ГЛАВА ТРИНАДЦАТАЯ (2)

[1] [2] [3]

— Мутанты? — спросил он.

— Возможно, — сказал Зеф. — Я вообще никого не видел, а Мак говорит, что видел собак… только не глазами. Чем ты их там видел, Мак?

— Глазами я их тоже видел, — сказал Максим. — И хочу, кстати, добавить, что никого, кроме этих ваших собак, там не было. Я бы знал. И собаки эти ваши — не то, что вы думаете. Это не звери.

Вепрь не сказал ничего. Он поднялся, смотал верёвку, подвесил её к поясу и снова сел рядом с Зефом.

— Чёрт его знает, — пробормотал Зеф, — может быть, и не звери… Здесь всё может быть. Здесь у нас Юг…

— А может быть, эти собаки и есть мутанты? — спросил Максим.

— Нет, — сказал Зеф. — Мутанты — это просто очень уродливые люди. И дети людей самых обыкновенных. Мутанты. Знаешь, что это такое?

— Знаю, — сказал Максим. — Но весь вопрос в том, как далёко может зайти мутация.
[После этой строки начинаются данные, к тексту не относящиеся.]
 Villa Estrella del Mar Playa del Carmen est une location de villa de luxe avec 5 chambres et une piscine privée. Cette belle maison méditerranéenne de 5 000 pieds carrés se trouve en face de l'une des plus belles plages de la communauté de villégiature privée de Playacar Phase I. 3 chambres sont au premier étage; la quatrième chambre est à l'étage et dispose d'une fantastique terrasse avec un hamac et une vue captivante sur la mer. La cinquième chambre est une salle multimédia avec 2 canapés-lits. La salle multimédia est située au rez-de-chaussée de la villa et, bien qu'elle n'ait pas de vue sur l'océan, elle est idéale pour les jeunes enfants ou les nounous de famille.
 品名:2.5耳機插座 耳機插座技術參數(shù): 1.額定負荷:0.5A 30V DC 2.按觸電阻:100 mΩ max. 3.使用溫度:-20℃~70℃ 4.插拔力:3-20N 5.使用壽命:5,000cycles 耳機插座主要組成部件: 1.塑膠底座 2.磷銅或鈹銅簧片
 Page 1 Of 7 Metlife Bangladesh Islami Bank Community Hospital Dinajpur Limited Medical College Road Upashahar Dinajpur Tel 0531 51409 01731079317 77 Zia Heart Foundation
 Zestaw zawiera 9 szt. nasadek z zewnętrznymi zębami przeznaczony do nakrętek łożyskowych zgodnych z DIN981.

Некоторое время все молчали, раздумывая. Потом Зеф сказал:

— Ну, раз ты такой образованный, хватит болтать. Вставай! — Он поднялся. — Осталось нам немного, но время поджимает. А жрать охота… — он подмигнул Максиму, — прямо-таки патологически. Ты знаешь, что такое «патологически»?
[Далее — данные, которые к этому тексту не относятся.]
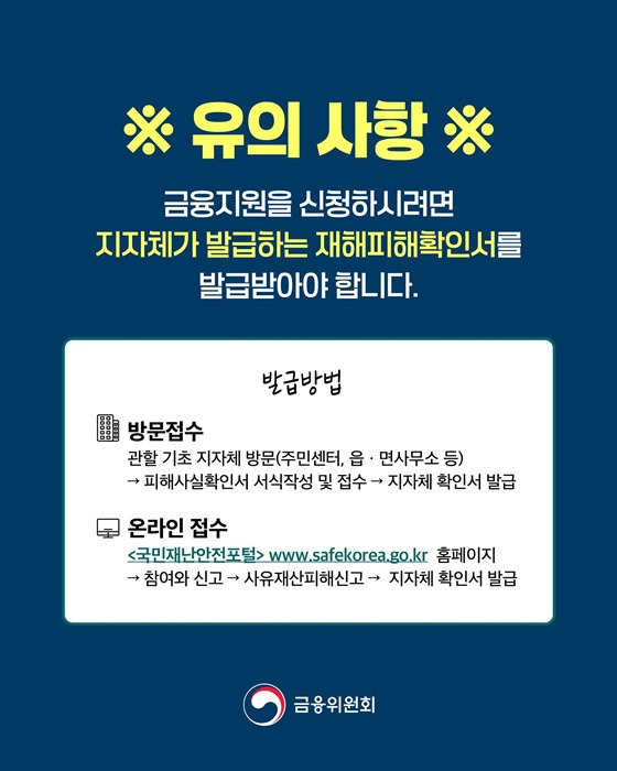금융지원을 신청하려면 피해 지역에 거주하는 개인 및 기업들은 지자체에서 발급하는 재해피해확인서를 발급받아야 합니다.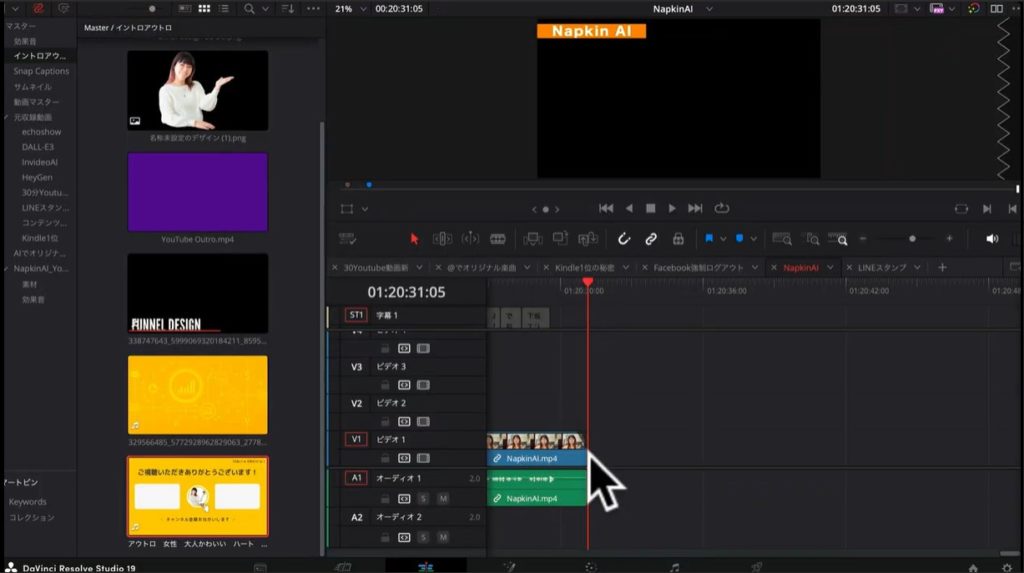 Canvaで作成したアウトロをダウンロードして、Davinci Resolveの方で実際に作業を進めていきます。まずはCanvaで作成したアウトロをDavinci Resolveにアップロードしてください。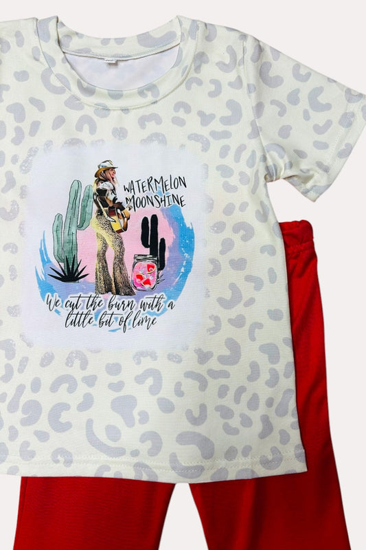 SaleD2750 Leopard printed short sleeve top & red bell bottom 2pc girls sets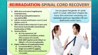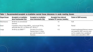 - Early-responding tissues like skin generally recover better than late-responding tissues like fibrosis and can tolerate reirradiation with reduced doses. Spinal cord and lung data from rodent and monkey studies show some reirradiation is possible. Kidney and bladder do not recover from late damage.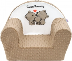 Fotoliul din minky, stilat și funcțional, de la brandul ceh NEW BABY va deveni locul preferat pentru odihnă, citit și joacă. Țesătura minky moale, cu bobițe caracteristice, susține stimularea senzomotorie și este plăcută la atingere. Imprimeul adorabil cu ursuleți Cute Family completează frumos interiorul camerei.
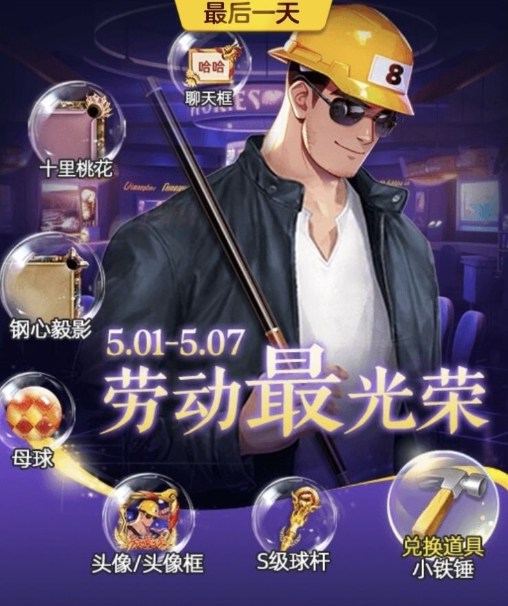 - 小铁锤可兑换各种资源,包括球桌【十里桃花】、【钢心毅影】,S级球杆【劳动光荣】,母球皮肤【坚如磐石】,头像【金刚力士】,头像框【豪勇工匠】,聊天气泡【朝气蓬勃】,及各种材料。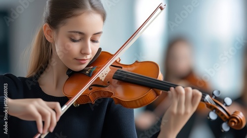 Young Violinist Playing Beautiful Melody in Bright Studio during Performance with Fellow Musicians

Оставалось ещё расчистить юго-западную четверть квадрата, но ничего расчищать они не стали. Какое-то время назад здесь, вероятно, взорвалось что-то очень мощное. От старого леса остались только полусгнившие поваленные стволы да обгорелые пни, срезанные как бритвой, а на его месте уже поднялся молодой редкий лесок. Почва почернела, обуглилась и была нашпигована испорошенной ржавчиной. Никакая техника не могла уцелеть после такого взрыва, и Максим понял, что Зеф привёл их сюда не для работы.

Навстречу им из кустарника вылез обросший человек в грязном арестантском балахоне. Максим узнал его: это был первый абориген, которого он встретил, старый Зефов напарник, сосуд мировой скорби.
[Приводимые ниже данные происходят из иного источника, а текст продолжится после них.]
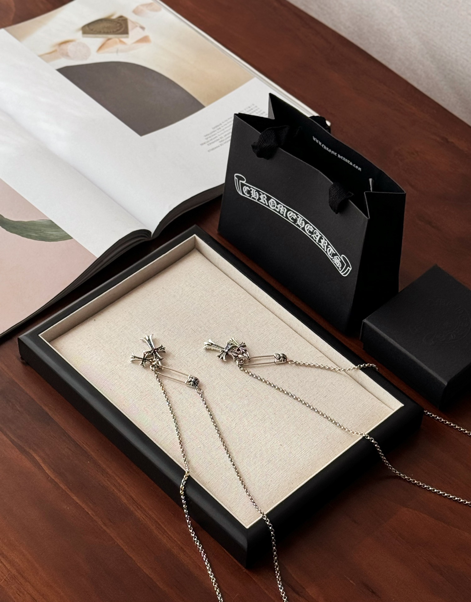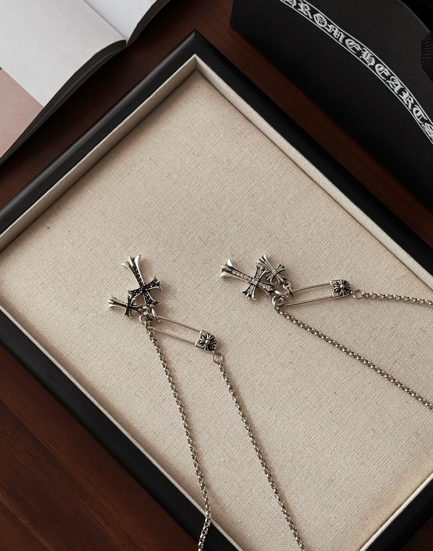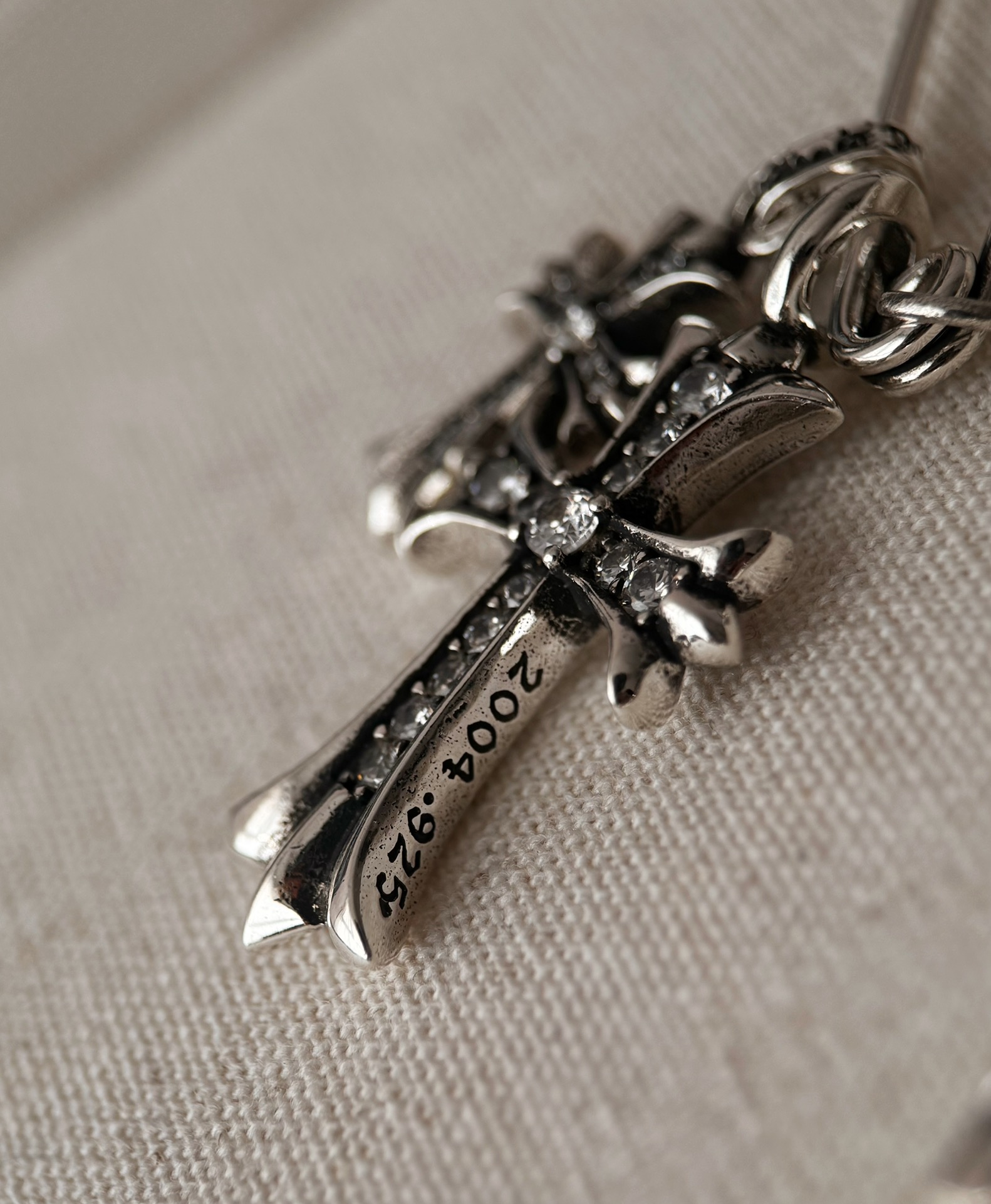 Chrome Hearts 克罗心封神之作!别针款双十字架项链,这样的组合简直绝了,它的颜值真的超高,925铜镀银搭配白钻,在光线下闪闪发光~

— Подождите, — сказал Вепрь, — я с ним поговорю.

Зеф велел Максиму сесть, где стоит, уселся сам и принялся переобуваться, дудя в бороду уголовный романс «Я мальчик лихой, меня знает окраина». Вепрь подошёл к сосуду скорби, и они, удалившись за кусты, принялись разговаривать шёпотом. Максим слышал их прекрасно, но понять ничего не мог, потому что говорили они на каком-то жаргоне, и он узнал только несколько раз повторённое слово «почта». Скоро он перестал прислушиваться Он чувствовал себя утомлённым, грязным: сегодня было слишком много бессмысленной работы, бессмысленного нервного напряжения, слишком долго он дышал сегодня всякой гадостью и принял слишком много рентген. И опять за весь этот день не было сделано ничего настоящего, ничего нужного, и ему очень не хотелось возвращаться в барак.

Потом сосуд скорби исчез, а Вепрь вернулся, сел перед Максимом на пень и сказал:

— Ну, давайте поговорим.

— Всё в порядке? — спросил Зеф.

— Да, — сказал Вепрь.

— Я же тебе говорил, — сказал Зеф, рассматривая на свет дырявую подошву. — У меня на таких чутьё.

— Ну так вот, Мак, — сказал Вепрь. — Мы вас проверили, насколько это возможно при нашем положении. Генерал за вас ручается. С сегодняшнего дня вы будете подчиняться мне.

— Очень рад, — сказал Максим, криво улыбаясь. Ему хотелось сказать: «За вас-то Генерал передо мной не поручился», но он только добавил: — Слушаю вас.

— Генерал сообщает, что вы не боитесь радиации и не боитесь излучателей. Это правда?

— Да.

— Значит, вы в любой момент можете переплыть Голубую Змею и это вам не повредит?

— Я уже сказал, что могу бежать отсюда хоть сейчас.

— Нам не нужно, чтобы вы бежали… Значит, насколько я понимаю, патрульные машины вам тоже не страшны?

— Вы имеете в виду передвижные излучатели? Нет, не страшны.

— Очень хорошо, — сказал Вепрь. — Тогда ваша задача на ближайшее время полностью определяется. Вы будете связным. Когда я вам прикажу, вы переплывёте реку и пошлёте из ближайшего почтового отделения телеграммы, которые я вам дам. Понятно?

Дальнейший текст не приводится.